• _WHAT IS REQUIRED_
Starting with the line that includes "- Vul de glucosewaarden, insulinewaarden", write out every remaining line of the records below exactly as it appears, leaving out any images.

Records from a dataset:
╭──
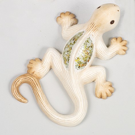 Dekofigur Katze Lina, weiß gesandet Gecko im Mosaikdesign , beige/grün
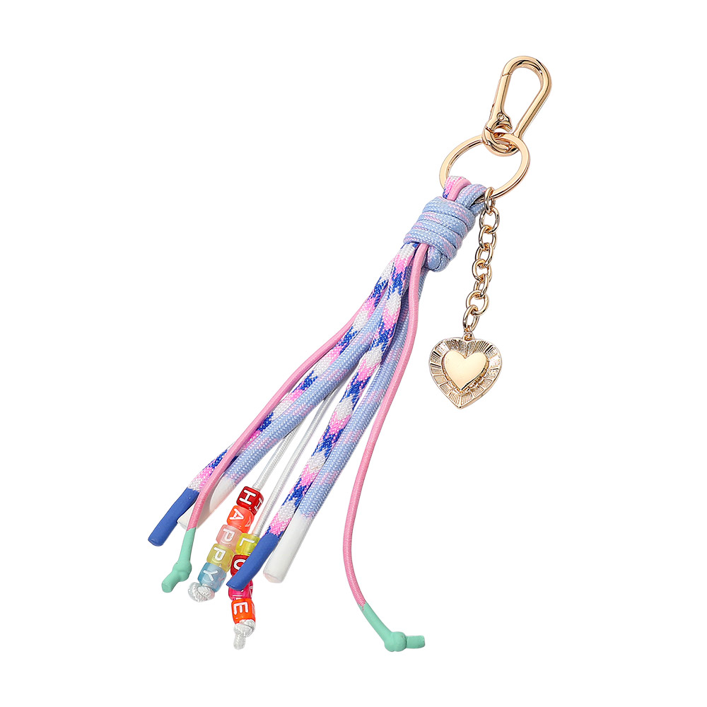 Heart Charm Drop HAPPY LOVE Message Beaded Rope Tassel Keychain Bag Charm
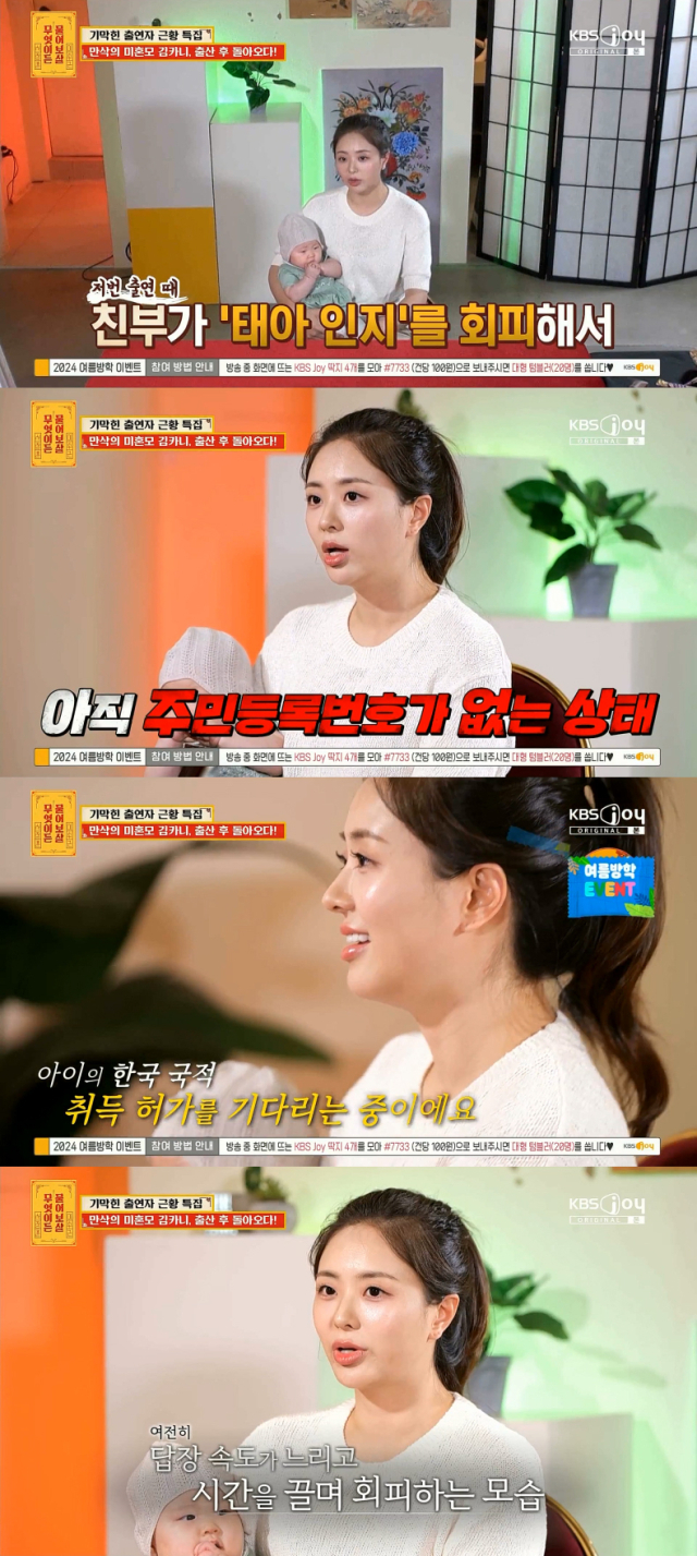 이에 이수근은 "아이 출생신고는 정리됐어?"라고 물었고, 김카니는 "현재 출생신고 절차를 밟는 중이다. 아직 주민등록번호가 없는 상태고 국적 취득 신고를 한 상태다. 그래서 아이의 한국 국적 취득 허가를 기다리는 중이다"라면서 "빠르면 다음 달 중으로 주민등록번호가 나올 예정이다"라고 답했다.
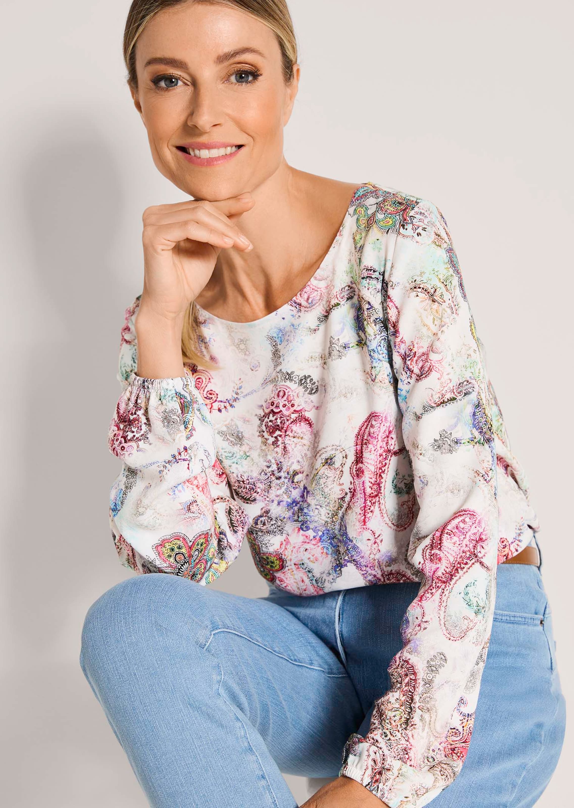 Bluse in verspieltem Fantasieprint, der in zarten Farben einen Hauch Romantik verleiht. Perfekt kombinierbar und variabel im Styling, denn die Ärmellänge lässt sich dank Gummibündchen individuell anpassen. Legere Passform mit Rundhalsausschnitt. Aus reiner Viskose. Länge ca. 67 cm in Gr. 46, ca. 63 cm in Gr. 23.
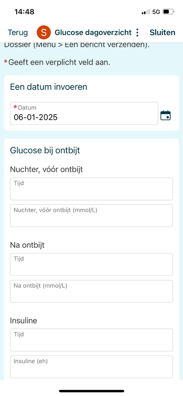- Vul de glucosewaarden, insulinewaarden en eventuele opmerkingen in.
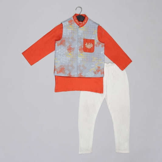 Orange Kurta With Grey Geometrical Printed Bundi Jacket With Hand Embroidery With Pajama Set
╰──
• _FINISHED TASK_
- Vul de glucosewaarden, insulinewaarden en eventuele opmerkingen in.
 Orange Kurta With Grey Geometrical Printed Bundi Jacket With Hand Embroidery With Pajama Set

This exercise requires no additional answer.